Key-words: Diagnosis. Leprosy. Post genomic approach.

Leprosy, one of the oldest human diseases, is still a major public health problem in many endemic countries, such as Brazil. The causative agent of leprosy, Mycobacterium leprae, was the first bacterial pathogen to be identified as the cause of a human infectious disease more than 130 years ago. Nevertheless, up to the conclusion of its entire genome sequence published in 2001, Mycobacterium leprae has remained a puzzle, mainly due to its incompatibility with in vitro culture growth9. One exclusive feature of Mycobacterium leprae is its tropism to Schwann cells, which provides the basis of severe neuropathies that underlie the sensorimotor loss responsible for most of the deformities and disabilities associated with leprosy29.

The World Health Organization's effort to eliminate leprosy by the year 2000 was based on important advances in antimycobacterial therapy in the 1980s. Despite the dramatic decline in prevalence observed in most endemic countries over the last decade, detection of new cases has remained high34. Given that the disease has not been eliminated, the development of a field applicable diagnostic test is considered a research priority and is urgently needed. In this context, the IDEAL consortium Initiative for Diagnostic and Epidemiological Assays for Leprosy, established in 2004, represents an international task-force that brings together researchers from endemic and non-endemic countries aimed at the concerted development of diagnostic tests for the early diagnosis of leprosy (infection) and for the identification of molecular markers to improve current understanding of the epidemiology and transmission of leprosy with the ultimate aim of designing rational interventions to prevent leprosy3. Our research group is part of the IDEAL consortium and, as such, has been involved in this leprosy diagnostic initiative.
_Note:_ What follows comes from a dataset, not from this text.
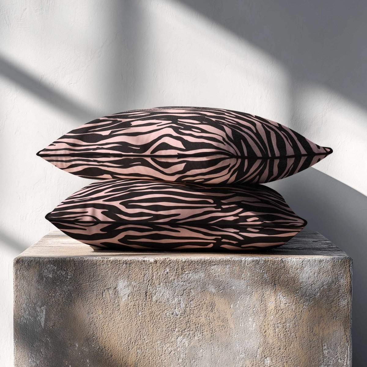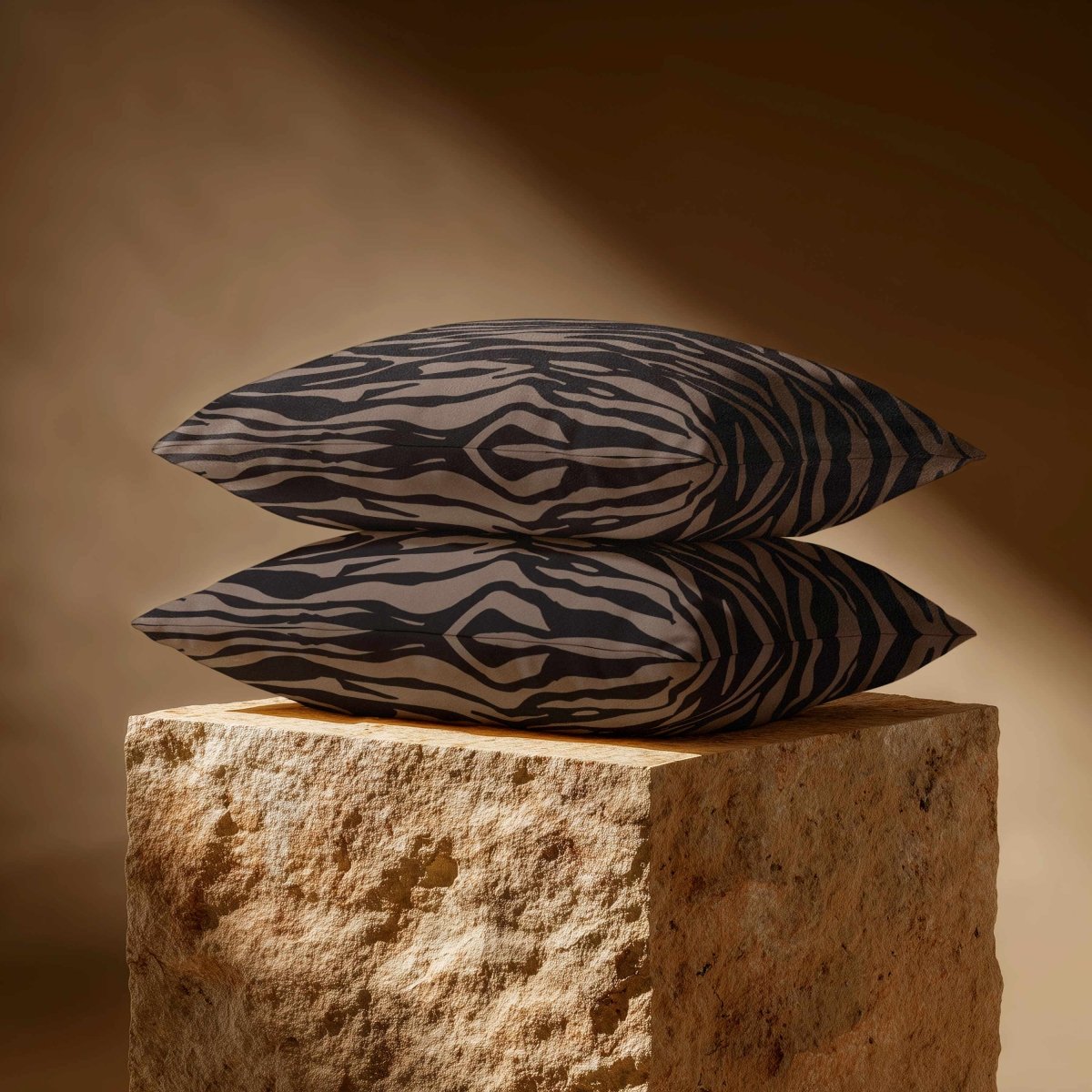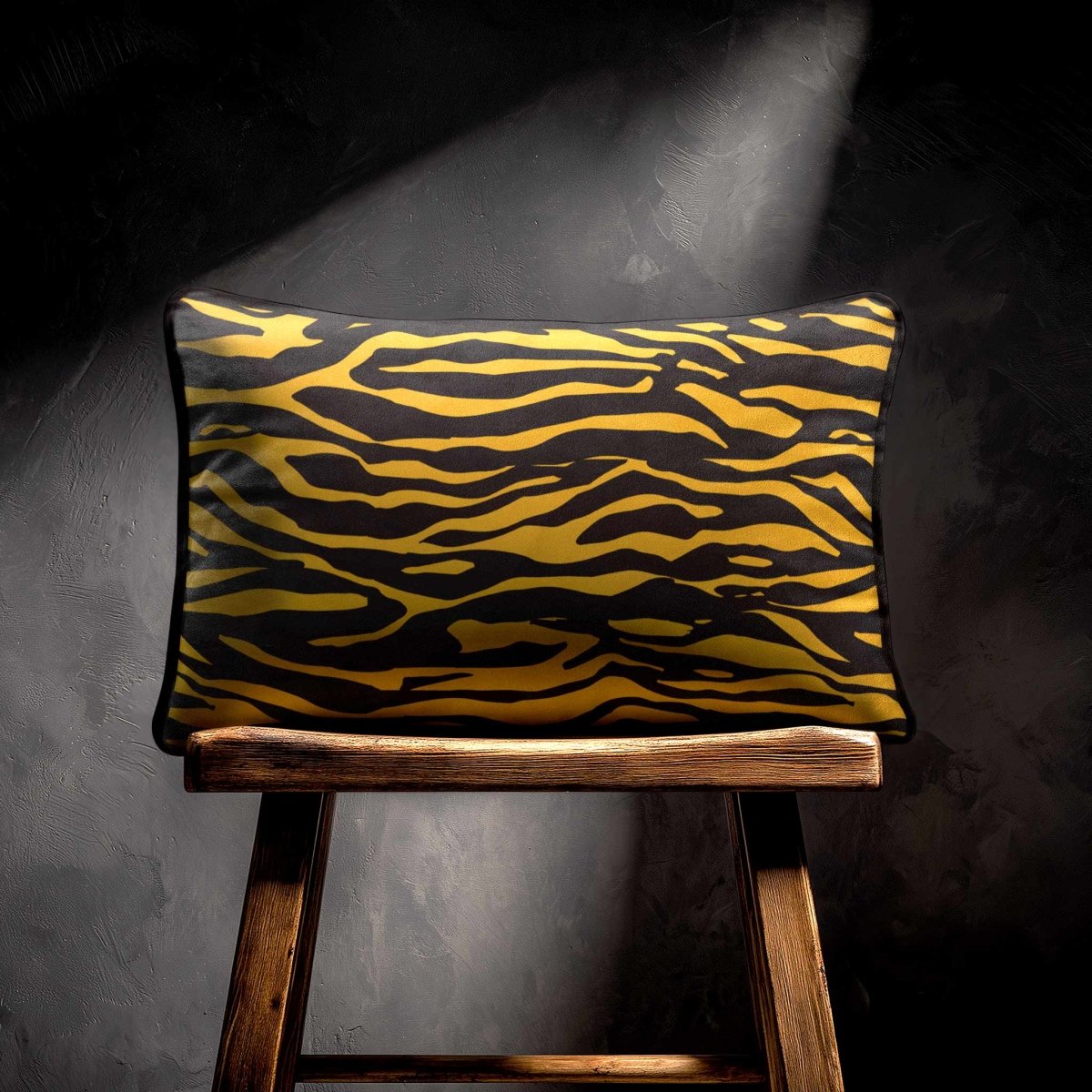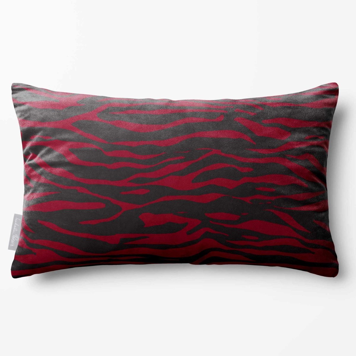 The Zebra Print rectangle cushion features a bold motif that stretches across a longer frame for a sleek, contemporary accent. The velvet base adds softness and depth to the dynamic design.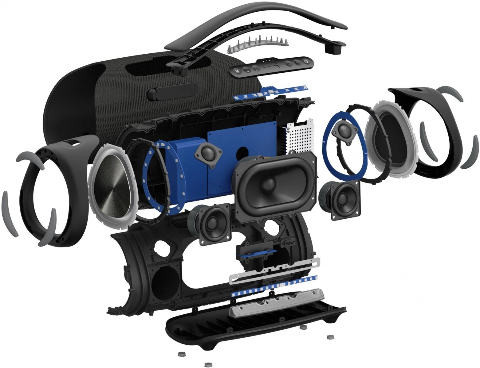 Do 190 W iz omrežja in 130 W iz baterije, pet aktivnih gonilnikov in dva pasivna radiatorja za globok bas in čiste visoke tone – idealno za domače in zunanje zabave.

Leprosy diagnosis is based mainly on clinical manifestations and the scarcity of symptoms in early disease can contribute to misdiagnosis or to underdiagnosis. Early diagnosis permits specific chemotherapy, which is important to reduce possible sources of transmission and to prevent more severe disease with disabilities and handicaps. Until the Mycobacterium leprae genome was deciphered, the availability of new antigens was impaired, mainly because the bacillus has never been cultivated in axenic culture.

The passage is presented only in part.